“I told them that if we did not employ a form of ECMO in the next few minutes the child would die.”
This post impressed me quite a bit, so thank you Dr. Novick, and Brian Forsberg, for doing what you guys do out there in Iraq right now- very impressive work and personal courage in my opinion.
The following is an editorial written by Dr. William Novick, published in Memphis’ Commercial Appeal May 31, 2013
I have performed cardiac surgery on more than 6,000 children in 31 countries on every continent except Australia and Antarctica. In 2013, we have set our sights high, with plans to do 1,000 surgeries on 40 trips to 15 countries.
Every year, 1.8 million children are born with congenital heart defects. My Heart Foundation strives to address this problem by getting care to as many children as possible, sending supplies and surgical teams around the world and training local surgeons and medical staff so they can care for their own people.
But you don’t have to be a cardiac surgeon to save children’s lives. The Save the Children organization estimated this month in its report “State of the World’s Mothers” that 1 million babies die on the f irst day of life. Most of these deaths are a result of far less complicated health issues than heart defects, and with much cheaper solutions.
For children around the world, the first day is the most dangerous day of life. Babies in our own communities in the United States are not immune from these dangers.

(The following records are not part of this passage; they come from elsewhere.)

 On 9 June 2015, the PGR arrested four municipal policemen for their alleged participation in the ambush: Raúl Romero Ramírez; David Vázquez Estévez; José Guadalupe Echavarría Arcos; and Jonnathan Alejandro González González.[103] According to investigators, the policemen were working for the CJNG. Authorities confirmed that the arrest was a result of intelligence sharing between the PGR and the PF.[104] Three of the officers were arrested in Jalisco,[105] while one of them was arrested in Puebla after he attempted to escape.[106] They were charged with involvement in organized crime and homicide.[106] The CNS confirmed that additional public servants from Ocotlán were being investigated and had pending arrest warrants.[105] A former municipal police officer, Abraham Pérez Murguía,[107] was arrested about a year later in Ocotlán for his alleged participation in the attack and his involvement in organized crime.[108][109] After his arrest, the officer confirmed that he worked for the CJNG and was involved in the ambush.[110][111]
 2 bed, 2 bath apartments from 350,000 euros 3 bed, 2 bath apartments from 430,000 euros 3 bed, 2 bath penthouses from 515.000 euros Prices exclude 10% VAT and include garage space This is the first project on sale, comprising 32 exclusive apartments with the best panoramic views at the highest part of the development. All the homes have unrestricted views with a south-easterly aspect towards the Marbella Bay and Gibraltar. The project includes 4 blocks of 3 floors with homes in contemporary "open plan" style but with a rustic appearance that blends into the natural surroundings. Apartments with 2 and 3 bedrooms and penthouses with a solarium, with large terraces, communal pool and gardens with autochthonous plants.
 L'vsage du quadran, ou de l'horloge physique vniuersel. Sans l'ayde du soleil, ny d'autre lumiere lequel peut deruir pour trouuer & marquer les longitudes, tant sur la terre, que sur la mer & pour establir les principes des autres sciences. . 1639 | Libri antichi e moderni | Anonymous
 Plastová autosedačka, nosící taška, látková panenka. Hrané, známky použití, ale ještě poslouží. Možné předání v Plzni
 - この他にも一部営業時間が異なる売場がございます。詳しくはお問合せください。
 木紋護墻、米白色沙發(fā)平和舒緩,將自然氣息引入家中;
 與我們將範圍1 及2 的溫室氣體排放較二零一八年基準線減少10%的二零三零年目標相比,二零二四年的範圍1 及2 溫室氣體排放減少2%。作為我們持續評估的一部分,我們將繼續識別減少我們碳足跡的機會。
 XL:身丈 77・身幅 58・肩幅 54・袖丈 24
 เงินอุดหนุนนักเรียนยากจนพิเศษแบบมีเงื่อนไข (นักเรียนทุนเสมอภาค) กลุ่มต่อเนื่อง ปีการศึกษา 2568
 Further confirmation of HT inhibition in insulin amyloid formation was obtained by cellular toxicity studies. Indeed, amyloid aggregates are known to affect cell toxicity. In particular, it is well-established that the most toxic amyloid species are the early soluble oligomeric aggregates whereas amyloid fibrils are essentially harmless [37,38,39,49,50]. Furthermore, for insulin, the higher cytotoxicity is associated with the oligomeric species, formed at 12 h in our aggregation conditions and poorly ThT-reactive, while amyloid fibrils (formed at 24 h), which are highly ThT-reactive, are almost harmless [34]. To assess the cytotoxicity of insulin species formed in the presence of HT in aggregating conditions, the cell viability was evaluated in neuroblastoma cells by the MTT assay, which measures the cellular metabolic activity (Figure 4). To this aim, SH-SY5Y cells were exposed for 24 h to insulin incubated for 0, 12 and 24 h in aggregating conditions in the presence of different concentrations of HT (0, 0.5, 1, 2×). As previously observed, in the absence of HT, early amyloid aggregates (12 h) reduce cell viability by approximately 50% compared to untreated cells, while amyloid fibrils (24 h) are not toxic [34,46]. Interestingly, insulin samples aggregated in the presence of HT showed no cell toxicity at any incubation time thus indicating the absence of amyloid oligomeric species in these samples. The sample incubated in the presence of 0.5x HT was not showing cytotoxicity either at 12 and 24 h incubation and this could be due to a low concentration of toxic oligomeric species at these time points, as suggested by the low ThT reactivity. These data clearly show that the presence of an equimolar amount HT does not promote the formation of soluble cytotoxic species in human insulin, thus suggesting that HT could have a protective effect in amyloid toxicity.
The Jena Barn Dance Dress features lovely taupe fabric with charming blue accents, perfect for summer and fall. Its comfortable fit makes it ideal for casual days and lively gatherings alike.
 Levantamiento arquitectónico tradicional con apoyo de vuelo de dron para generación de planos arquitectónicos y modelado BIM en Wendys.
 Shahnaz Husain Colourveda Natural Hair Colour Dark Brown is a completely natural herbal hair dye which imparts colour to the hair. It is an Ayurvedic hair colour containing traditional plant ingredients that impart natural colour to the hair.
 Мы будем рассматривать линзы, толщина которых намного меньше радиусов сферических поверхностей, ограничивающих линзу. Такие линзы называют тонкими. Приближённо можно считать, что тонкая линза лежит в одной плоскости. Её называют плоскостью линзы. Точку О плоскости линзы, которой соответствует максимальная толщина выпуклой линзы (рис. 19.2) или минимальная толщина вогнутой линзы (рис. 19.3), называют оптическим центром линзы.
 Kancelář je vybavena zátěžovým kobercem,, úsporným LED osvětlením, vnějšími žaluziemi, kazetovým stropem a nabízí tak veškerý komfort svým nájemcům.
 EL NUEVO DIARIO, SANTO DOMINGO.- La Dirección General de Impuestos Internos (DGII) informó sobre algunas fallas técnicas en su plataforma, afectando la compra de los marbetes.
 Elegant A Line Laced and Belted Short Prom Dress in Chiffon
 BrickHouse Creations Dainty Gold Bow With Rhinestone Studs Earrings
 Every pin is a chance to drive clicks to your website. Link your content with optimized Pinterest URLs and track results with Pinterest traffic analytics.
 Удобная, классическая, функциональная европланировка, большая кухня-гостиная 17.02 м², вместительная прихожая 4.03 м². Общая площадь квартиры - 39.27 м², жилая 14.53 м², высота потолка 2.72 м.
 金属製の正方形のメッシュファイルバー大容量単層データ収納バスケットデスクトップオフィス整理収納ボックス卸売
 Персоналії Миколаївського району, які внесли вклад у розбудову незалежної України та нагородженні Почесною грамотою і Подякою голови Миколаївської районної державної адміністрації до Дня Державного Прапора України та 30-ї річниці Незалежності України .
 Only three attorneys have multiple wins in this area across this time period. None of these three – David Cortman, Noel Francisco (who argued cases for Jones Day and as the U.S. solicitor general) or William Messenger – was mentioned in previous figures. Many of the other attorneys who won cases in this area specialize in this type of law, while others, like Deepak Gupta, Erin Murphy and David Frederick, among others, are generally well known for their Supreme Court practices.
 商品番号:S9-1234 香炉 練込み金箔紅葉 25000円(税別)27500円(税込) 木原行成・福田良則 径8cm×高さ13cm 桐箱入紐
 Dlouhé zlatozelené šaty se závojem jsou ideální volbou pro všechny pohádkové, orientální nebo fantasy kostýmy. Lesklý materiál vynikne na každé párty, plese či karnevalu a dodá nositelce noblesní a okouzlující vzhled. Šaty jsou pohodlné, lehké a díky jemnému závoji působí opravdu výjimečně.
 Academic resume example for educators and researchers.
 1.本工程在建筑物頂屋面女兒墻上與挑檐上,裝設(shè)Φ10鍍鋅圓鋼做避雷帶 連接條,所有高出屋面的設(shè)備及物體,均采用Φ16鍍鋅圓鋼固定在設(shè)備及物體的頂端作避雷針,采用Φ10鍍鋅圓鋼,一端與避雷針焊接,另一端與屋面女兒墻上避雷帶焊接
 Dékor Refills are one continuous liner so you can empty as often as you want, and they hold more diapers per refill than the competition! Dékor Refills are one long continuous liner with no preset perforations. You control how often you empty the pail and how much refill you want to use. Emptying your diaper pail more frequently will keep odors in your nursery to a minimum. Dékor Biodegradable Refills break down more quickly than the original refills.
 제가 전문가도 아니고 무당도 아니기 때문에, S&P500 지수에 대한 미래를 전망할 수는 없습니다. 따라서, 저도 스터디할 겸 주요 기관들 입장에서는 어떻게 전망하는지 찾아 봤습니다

Every year, 11,300 American mothers lose their babies the day they give birth. Although the risks are not as high as in many developing countries, the U. S. has the worst first-day death rate among industrialized nations, at 2.6 deaths per 1,000 live births. Tennessee’s first-day death rate, 2.8 deaths per 1,000 live births, is close to the national average, while Shelby County has struggled with numbers almost twice as high — 5.5 deaths per 1,000 live births.
Shelby County’s efforts to address infant mortality are starting to pay off, and these efforts must continue if more babies are to survive their very first day. As in many other parts of the world, these deaths are often related to poverty and lack of adequate prenatal care that result in preterm birth. However, here at home, they are almost never the result of lack of very basic care at birth itself. Whatever the reasons, avoidable newborn deaths are always unacceptable.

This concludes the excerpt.